In the final vote, 90 senators agreed to the McCain amendment, while 9 senators opposed it (Wayne Allard R-CO, Christopher Bond R-MO, Tom Coburn R-OK, Thad Cochran R-MS, John Cornyn R-TX, James Inhofe R-OK, Pat Roberts R-KS, Jeff Sessions R-AL, and Ted Stevens R-AK; see Laurence M. Vance, "Senate Republican Torture Masters," October 12, 2005: http://www.uruknet.info/?p=m16678&date=12-oct-2005_14:11_ECT ).
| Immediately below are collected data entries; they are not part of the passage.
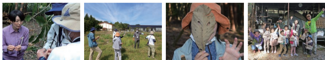
ガイド養成講座様子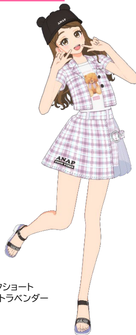
▲チエックショート ジャケットラベンダー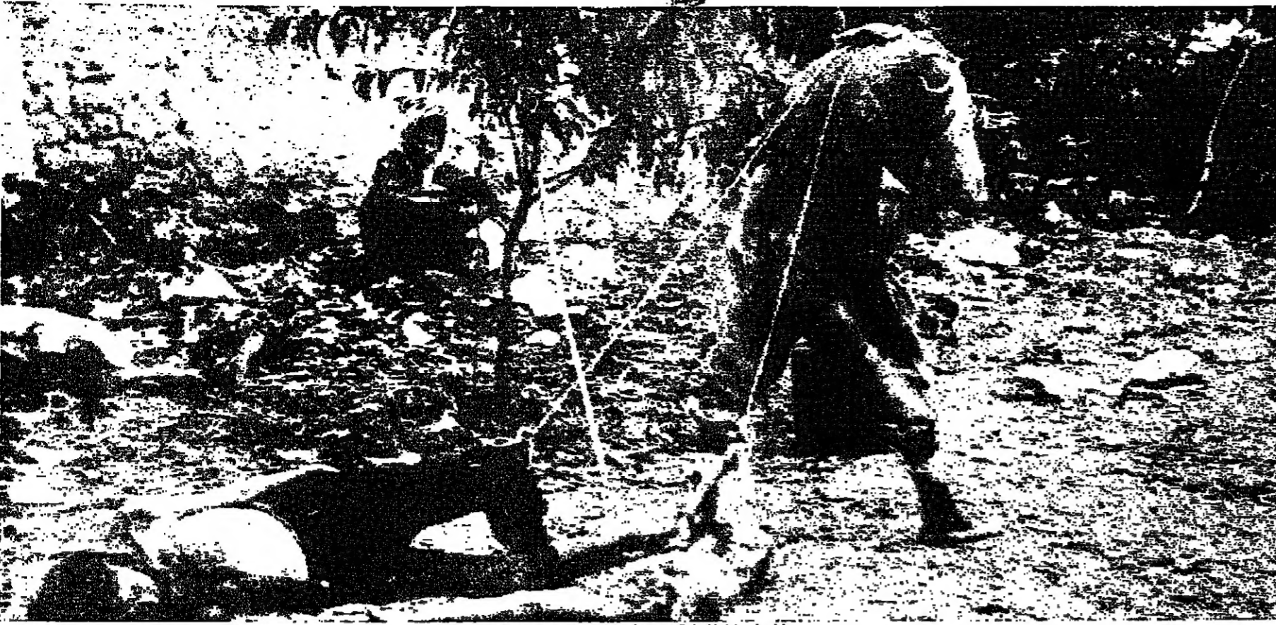
جثث ضحايا المجاعة ... هكذا كانت تنقل من الطرقات

واصيب اللبنانيون بالفقر من الضرائب المرتفعة التي كانت الحكومة التركية وضعتها، وعندما هبت علة الوبق التركي في شهور شباط ١٩١٧ بشكل ملحوظ، ازداد ارتفاع ثمن البضائع والغذاء الى درجة فاحشة، وبقي يزداد ويزداد.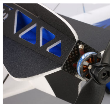
Uhlíkové motorové lože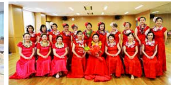
ブアナニ高橋はじめてのハワイアンフラ

Bush has threatened to veto the DOD appropriations bill because of the McCain amendment, but we'll be watching to see how it fares in the House-Senate conference committee. Here is a good analysis of how and why the Bush administration wants to water down the McCain amendment:
Marty Lederman, "Beware the 'Augmented' McCain Amendment!" Balkinization, October 15, 2005:
http://balkin.blogspot.com/2005/10/beware-augmented-mccain-amendment.html
Since the proceedings of the Congressional conference are not public, it is difficult to know what is actually going on. The Senate delegation is composed of 19 members, 10 Republicans and 9 Democrats; the conferees are Senators Stevens R-AK, Cochran R-MS, Specter R-PA, Domenici R-NM, Bond R-MO, McConnell R-KY, Shelby R-AL, Gregg R-NH, Hutchison R-TX, Burns R-MT, Inouye D-HI, Byrd D-WV, Leahy D-VT, Harkin D-IA, Dorgan D-ND, Durbin D-IL, Reid D-NV, Feinstein D-CA, and Mikulski D-MD. The following WaPo article provides the latest information we could locate about the status of the McCain amendment:
R. Jeffrey Smith and Josh White, "Cheney Plan Exempts CIA from Bill Barring Abuse of Detainees," Washington Post, October 25, 2005, Page A1:
http://www.washingtonpost.com/wp-dyn/content/article/2005/10/24/AR2005102402051.html
http://www.truthout.org/docs_2005/102505J.shtml
Sen. Stevens and the Bush administration had no serious objections to Sen. Graham's amendment no. 2004 to H.R. 2863 to "bless" and tweak the Guantánamo Bay Combatant Status Review Tribunals and Administrative Review Boards. On Oct. 5, the slightly revised Graham amendment was agreed to in the Senate by unanimous consent; see the text and discussion of the amendment in the Congressional Record, S11073 column c to S11075 column a:
http://frwebgate.access.gpo.gov/cgi-bin/getpage.cgi?position=all&page=S11073&dbname=2005_record
We saw press reports of an amendment to this DOD appropriations bill, proposed by Sen. Carl Levin D-MI along with Sens. Kennedy D-MA, Rockefeller D-WV, and Reed D-RI, to create an independent commission to investigate allegations of prisoner abuse.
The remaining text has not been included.